EXERCISE OBJECTIVE
Exercise 3-3
When you have completed this exercise, you will be able to measure and demonstrate capacitive phase shift. You will also observe the phenomenon of negative power associated with reactive power in ac circuits.
DISCUSSION
As you saw in previous units, the voltages and currents in resistive ac circuits are in phase, and the power dissipated by resistors is active power in the form of heat. Now however, unlike the case when only resistance is present in an ac circuit, there will be a phase shift between the circuit voltage and current because of the presence of capacitance. The phase shift is due to the fact that capacitors oppose changes in the voltage across their terminals.
As previously discussed, the charging-discharging process associated with capacitors, hence the capacitive current flow, is related to the fact that the applied voltage is changing.
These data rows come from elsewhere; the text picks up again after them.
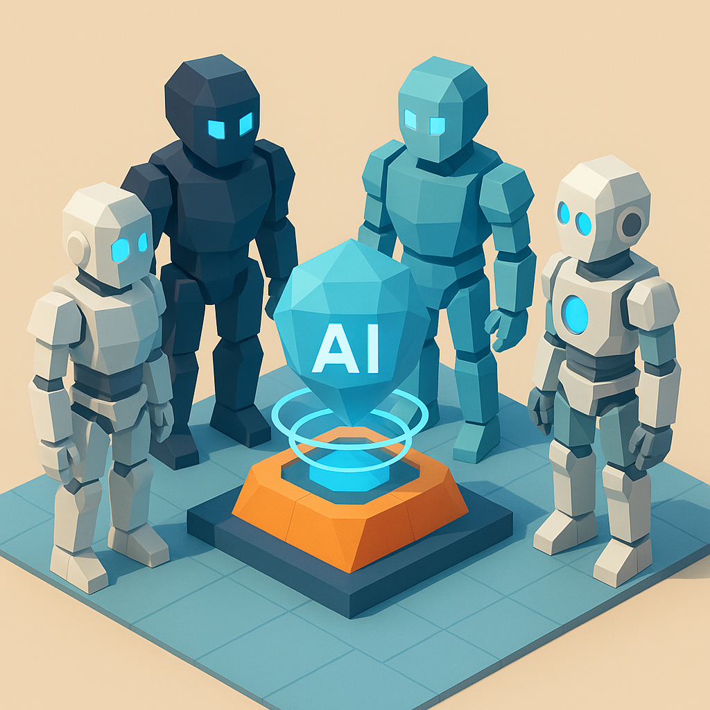 Prompt: A low-poly 3D artwork of AI leaders visualized as polygonal robots standing around a simplified AI core. Flat colors, clean edges, minimalist charm.
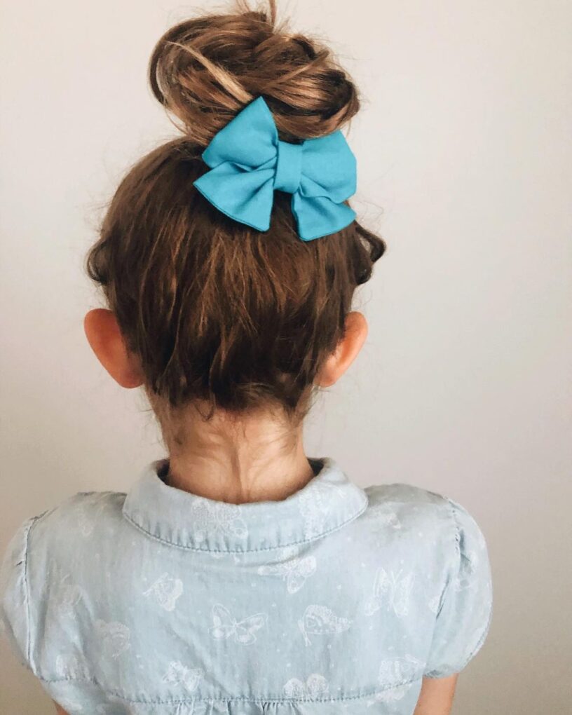 Upgrade your back-to-school style with a sparkly top knot with a trendy bow that effortlessly combines sophistication and playfulness while keeping your hair styled neatly for the day ahead.
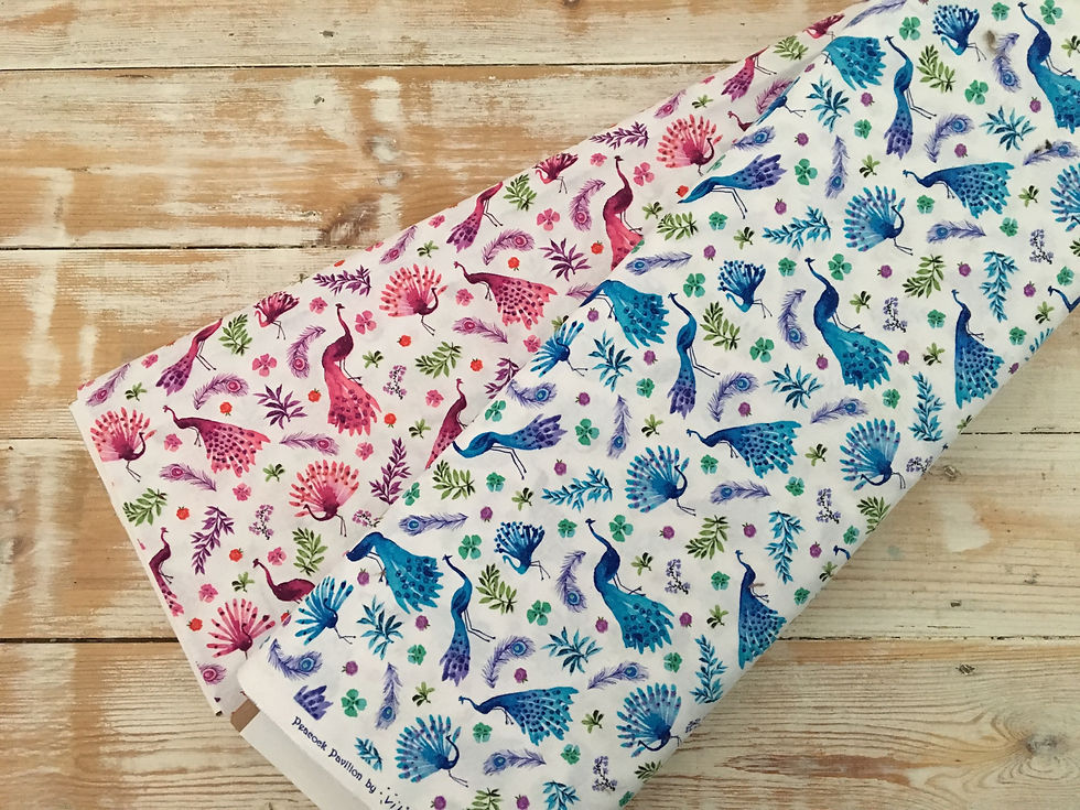 I recently took my first trip to a craft and fabric wholesale show at the NEC and came across a fabulous ribbon and trim store. I instantly thought of this peacock fabric when I saw the pom poms and then I had to make my order up; I now I have very pretty collection of ribbon and pom poms. Oops! I did my best to match up ones that I knew would work with my fabrics so you have a one stop shop for your sewing projects.

If we stop for a moment to consider what is happening when an ac voltage goes through a minimum value (negative peak value), we realize that for that particular moment the voltage is no longer changing. Hence, the capacitive current must be zero at that time, since the rate of change in the voltage is zero. Then, when the ac voltage is going through zero amplitude, its rate of change is maximum, and the current must therefore be maximum. As a result, the voltage lags the current by 90E. In the case of an ideal capacitor the phase shift is 90E. The
capacitive phase shift of 90E between voltage and current is shown in Figure 3-7.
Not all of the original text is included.